NAME

WebCrawl - download web sites, following links

SYNOPSIS

webcrawl [ options ] host[:port]/filename directory

DESCRIPTION

WebCrawl is a program designed to download an entire website without user interaction (although an interactive mode is available).

WebCrawl will download the page web-address into a directory called destination-dir under the compiled in server root directory (which can be changed with the -o option, see below). web-address should not contain a leading http://

It works simply by starting with a single web page, and following all links from that page to attempt to recreate the directory structure on the remote server.

As well as downloading the pages, it also rewrites them to use a local URL where URLs that would otherwise not work on the local system are used in the page (eg URLs that begin with http:// or the begin with a /).

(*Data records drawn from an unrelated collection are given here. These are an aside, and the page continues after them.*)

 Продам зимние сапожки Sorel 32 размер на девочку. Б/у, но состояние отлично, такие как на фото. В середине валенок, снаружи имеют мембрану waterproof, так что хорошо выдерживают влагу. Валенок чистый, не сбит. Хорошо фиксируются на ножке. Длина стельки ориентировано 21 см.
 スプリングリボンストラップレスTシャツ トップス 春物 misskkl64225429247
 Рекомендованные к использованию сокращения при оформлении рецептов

It stores the downloaded files in a directory structure that mirrors the original site's, under a directory called server.domain.com:port. This way, multiple sites can all be loaded into the same directory structure, and if they link to each other, they can be rewritten to link to the local, rather than remote, versions.

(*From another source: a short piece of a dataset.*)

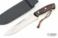 A serious and well designed tactical fixed blade from Mike Irie. The blade is hand rub satin finished. The top edge is sharpened 4 1/2 inches starting at the tip. 1/4 inch thick at the spine with a depth of 1 3/8 inches. Full tang construction with a raised file notched thumbrest. The handle has ebony dovetailed bolsters, desert ironwood scales with red liners and spacers. Firm, solid grip. Comes with black kydex sheath. Excellent condition.
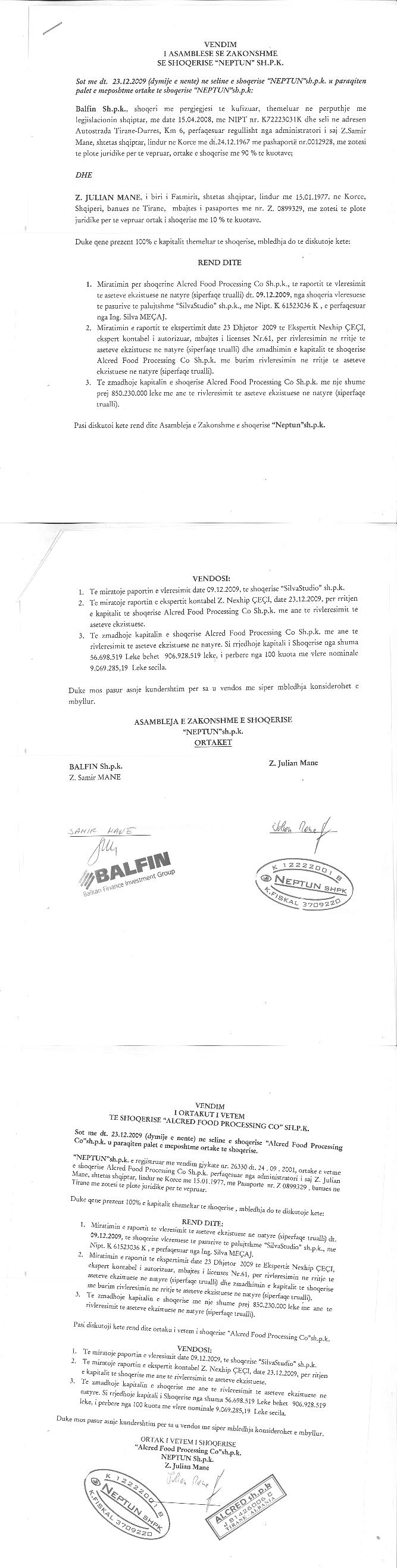 | Shoqëri Mëmë / Zotërues për këtë Subjekt: | “Balfin - Balkan Finance Investment Group”, shoqëri me përgjegjësi te kufizuar e se drejtës shqiptare, e themeluar me datë 11/09/2007, me NIPT K72223031K, me seli qendrore ne Tirane, Njesia bashkiake nr.2, Rruga Papa Gjon Pali II, Ndertesa Nr.12, Kati 11, Zyra nr.1206, Kodi Postar 1010, dhe me administrator Edlira Muka. Ortak i Vetëm i shoqërisë është Samir Mane. (Sipas të dhënave të QKB deri me datë 14.04.2023) Sipas Ekstraktit Historik te Regjistrit te Pronarit Perfitues, date 24.05.2021, terhequr nga QKB date 14.04.2023, Pronar perfitues te subjektit “ALCRED FOOD PROCESSING Co”, zoterues te 25% te kapitalit e me teper eshte: Samir Mane, shtetas shqiptar, i datelindjes 1967, pronar perfitues prej 100% te kapitalit, pasi zotëron 100% të kapitali të shoqërisë “Balfin - Balkan Finance Investment Group”, e cila zotëron 100% të kapitalit të “ALCRED FOOD PROCESSING Co”. Data e percaktimit si pronar perfitues eshte 01.11.2011. |

Comprehensive URL selection facilities allow you to describe what documents you want to download, so that you don't end up downloading much more than you need.

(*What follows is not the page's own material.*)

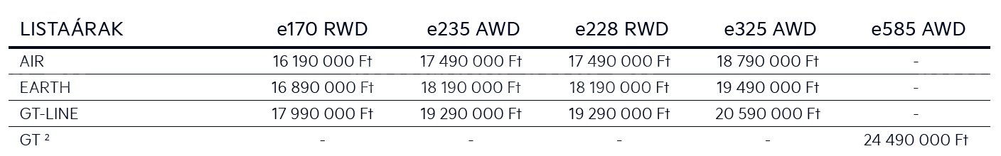 A Kia tehát a piac – nyilván szubjektív, de sokak szerint – legdögösebb, egyben leginkább használható villanyautóját hozta el, ráadásul a hasonló méretű konkurens modelleknél olcsóbban. Nem is kicsivel! Az e170 RWD alapverzió 16 190 000 forintról indul (a nem létező állami támogatással és a márka kedvezményével 13,49 milliós belépőárat hirdetnek). Az EV6 a leggazdagabb GT-Line felszereltséggel is 18 millió forint alatt van, de a nagyobb akkus és összkerékhajtású csúcsverzió is megáll 20,59 millió forintnál. Oké a távirányítós parkolást és az önálló sávváltást is lehetővé tevő, Meridian csúcshifis, óriási és eléggé intuitív head-up display-t adó Premium Vision csomag még 1,5 millió forint hozzá, ahogyan a hőszivattyús légkondit és az áramleadást adó „Power csomag” is 500 ezer forintos tétel, viszont az EV6 a konkurenseihez mérten mindenképp határozottan olcsó.

WebCrawl is written in ANSI C, and should work on any POSIX system. With minor modifications, it should be possible to make it work on any operating system that supports TCP/IP sockets. It has been tested only on Linux.

OPTIONS

URL selection

-a

This causes the program to ask the user whether to download a page that it hasn't been otherwise instructed to (by default, this means off-site pages)

-f string

This causes the program to always follow links to URLs that contain the string. You can use this, for example, to prevent a crawl from going up beyond a single directory on a site (in conjunction with the -x option below); say you wanted to get http://www.web-sites.co.uk/jules but not any other site located on the same server. You could use the command line:

webcrawl -x -f /jules www.web-sites.co.uk/jules/ mirror

Another use would be if a site contained links to (eg) pictures, videos or sound clips on a remote server, you could use the following command line to get them:

webcrawl -f .jpg -f .gif -f .mpg -f .wav -f .au www.site.com/ mirror

Note that webcrawl always downloads inline images.

-d string

The opposite of -f, this option tells webcrawl never to get a URL containing the string. -d takes priority over all other URL selection options (except that it won't stop it from downloading inline images, which are always downloaded).

-u filename

Causes webcrawl to log unfollowed links to the file filename.

-x

Causes webcrawl not to automatically follow links to pages on the same server. This is useful in conjuction with the -f option to specify a subsection of an entire site to download.

-X

Causes webcrawl not to automatically download inline images (which it would otherwise do even when other options did not indicate that the image should be loaded). This is useful in conjunction with the -f option to specify a subsection of an entire site to download, when even the images concerned need careful selection.

Page re-writing:

-n: Turns off page rewriting completely.
-rx: Select which URLs to rewrite. Only URLs that begin with / or http: are considered for rewriting, all others are always left unchanged. This options selects which of these URLs are rewritten to point to local files, depending on the value of x.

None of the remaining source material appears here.